Discussing inequality in India

Despite India’s economic growth, Krishna says that for the poorest, little has changed: ‘you see people earning their livelihoods in the same manner as they used to earn them a generation or two generations ago’. To illustrate this, Krishna draws on data highlighting the inequality of India in comparison to rest of the world, ‘You have at the same time as people in the millions who are poorest as the poor in Sub Saharan Africa… people who are as rich than the richest in the US and the West’.

Krishna discusses the dollar versus rupee economy, whereby certain items such as a Starbucks coffee, cost the same as they would in the West, and can thus only be purchased by an elite few earning a higher income, next to those who buy their coffee from the roadside for 10 rupees. This, Krishna claims creates complications for public policy – to balance the demands of the poor who want flush toilets and housing with the demands of the rich and the super-rich who want super highways.

There are multi-stranded explanations for the high levels of inequality in India. One of these is the rural/urban divide. Surveys have illustrated household possessions and income noticeably decrease in smaller towns and villages and this only grows as distance increases. One of the reasons for this is the growing crisis in agriculture – around 75% of landholdings today are of an uneconomic size for livelihood yet alone to feed a family. This contributes to the growing trend of labour migration, between 100 – 175 million people are estimated to be what Jan Breman has referred to as ‘nowhere people’.

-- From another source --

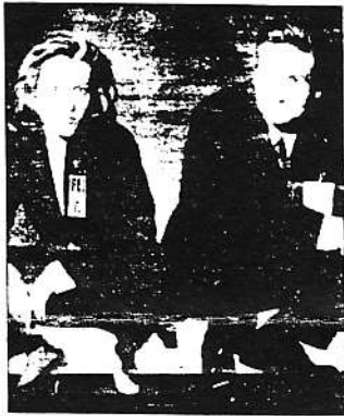
X Files TV stars Gillian Anderson as agent Dana Scully and David Duchovny as Fox Mulder.

Since 1996 began there have been dozens of glimpses of a triangular set of lights hovering above various parts of the county.

Education in rural areas is also an issue. For those educated in village schools, chances of receiving a high paying job are low – with many becoming construction workers in the millions, Krishna claims. Only 2-9% from rural areas are in engineering colleges, and only 6% of students in business schools have less educated parents, which highlights the continuation of unbroken cycles of inequality. Furthermore, Krishna acknowledges the role of gender discrimination, noting the feminisation of agriculture and observing that for rural, less educated women, prospects are substantially lower.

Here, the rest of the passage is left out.